[Try it]:
Copy out exactly the stretch of the listing below that begins at the line containing "Childrens Check Trim Cotton Poplin Shirt" and ends at the line containing "치면 다음 창이 나타남.", and copy nothing outside it.

[Available records]:
------------

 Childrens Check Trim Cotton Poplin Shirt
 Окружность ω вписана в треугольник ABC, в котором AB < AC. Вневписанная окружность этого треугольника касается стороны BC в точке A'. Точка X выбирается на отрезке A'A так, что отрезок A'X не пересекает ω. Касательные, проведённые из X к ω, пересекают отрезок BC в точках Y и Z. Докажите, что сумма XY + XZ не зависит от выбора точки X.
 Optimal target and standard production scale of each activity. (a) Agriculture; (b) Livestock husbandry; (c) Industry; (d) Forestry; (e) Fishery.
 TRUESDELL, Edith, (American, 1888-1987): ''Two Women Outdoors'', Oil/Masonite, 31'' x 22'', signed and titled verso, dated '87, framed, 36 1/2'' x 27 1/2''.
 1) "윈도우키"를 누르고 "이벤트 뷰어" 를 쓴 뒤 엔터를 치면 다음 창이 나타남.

------------

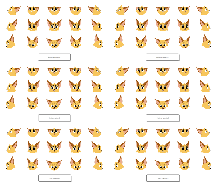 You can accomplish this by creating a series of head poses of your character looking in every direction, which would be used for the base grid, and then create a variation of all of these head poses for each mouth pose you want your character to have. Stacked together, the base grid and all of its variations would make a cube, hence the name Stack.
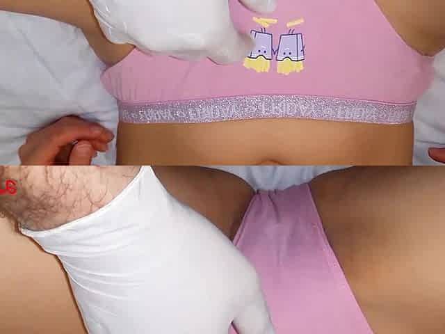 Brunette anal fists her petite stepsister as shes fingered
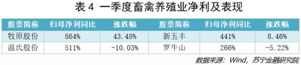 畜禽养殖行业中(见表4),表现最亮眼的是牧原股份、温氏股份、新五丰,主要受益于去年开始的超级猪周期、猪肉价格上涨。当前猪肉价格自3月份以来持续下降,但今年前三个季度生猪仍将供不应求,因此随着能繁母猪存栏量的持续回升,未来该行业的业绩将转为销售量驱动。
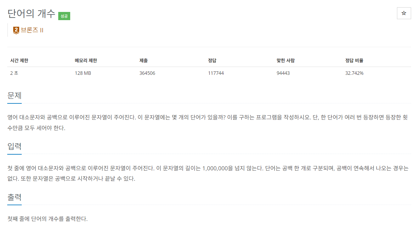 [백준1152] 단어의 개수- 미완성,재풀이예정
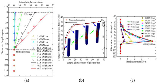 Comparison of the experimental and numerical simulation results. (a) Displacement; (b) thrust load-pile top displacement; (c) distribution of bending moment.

------------

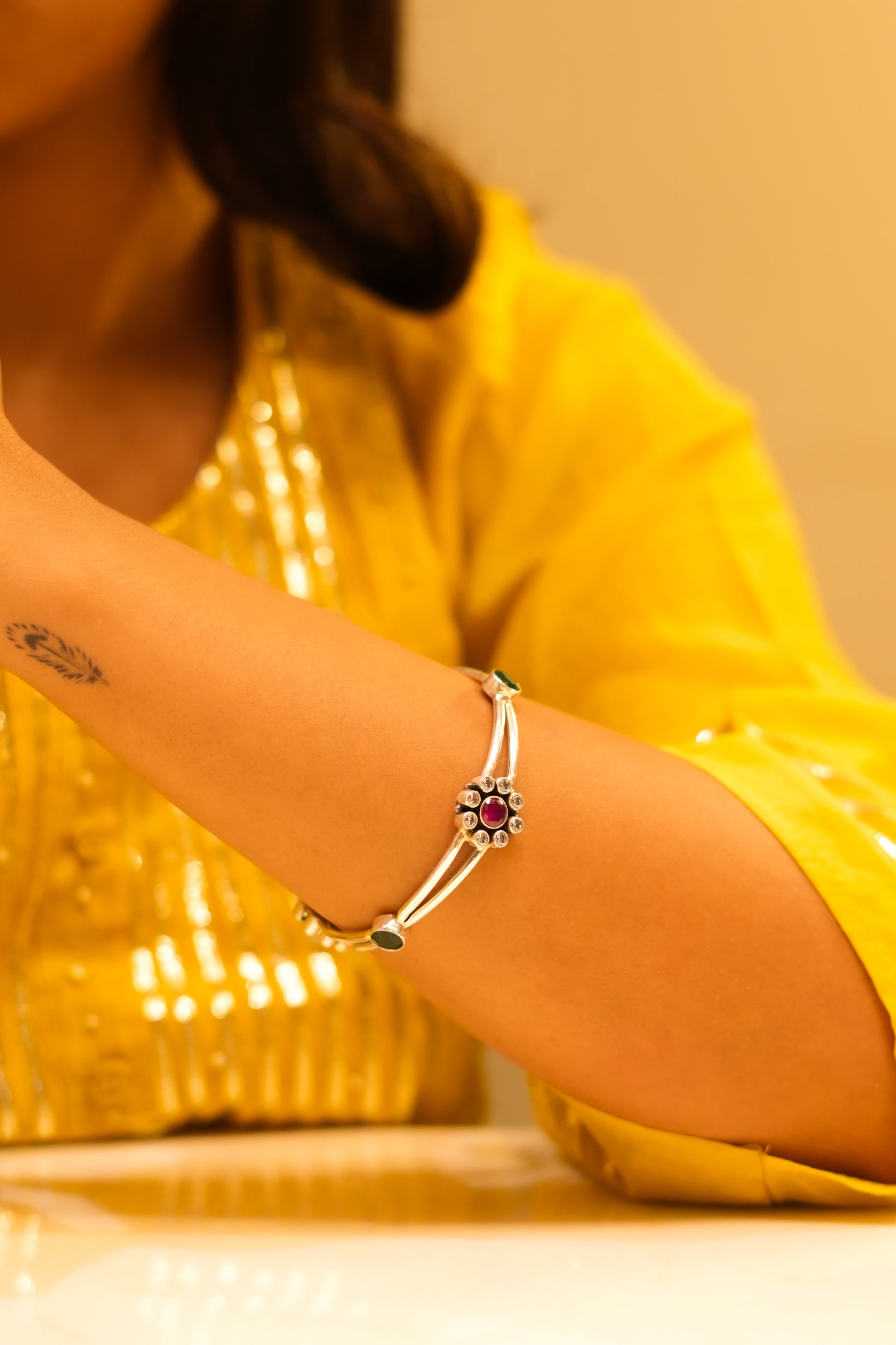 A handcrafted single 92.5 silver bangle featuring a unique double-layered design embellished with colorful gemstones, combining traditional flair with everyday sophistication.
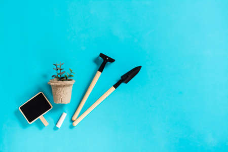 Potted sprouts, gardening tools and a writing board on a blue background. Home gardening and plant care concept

------------

[Solution]:
 Childrens Check Trim Cotton Poplin Shirt
 Окружность ω вписана в треугольник ABC, в котором AB < AC. Вневписанная окружность этого треугольника касается стороны BC в точке A'. Точка X выбирается на отрезке A'A так, что отрезок A'X не пересекает ω. Касательные, проведённые из X к ω, пересекают отрезок BC в точках Y и Z. Докажите, что сумма XY + XZ не зависит от выбора точки X.
 Optimal target and standard production scale of each activity. (a) Agriculture; (b) Livestock husbandry; (c) Industry; (d) Forestry; (e) Fishery.
 TRUESDELL, Edith, (American, 1888-1987): ''Two Women Outdoors'', Oil/Masonite, 31'' x 22'', signed and titled verso, dated '87, framed, 36 1/2'' x 27 1/2''.
 1) "윈도우키"를 누르고 "이벤트 뷰어" 를 쓴 뒤 엔터를 치면 다음 창이 나타남.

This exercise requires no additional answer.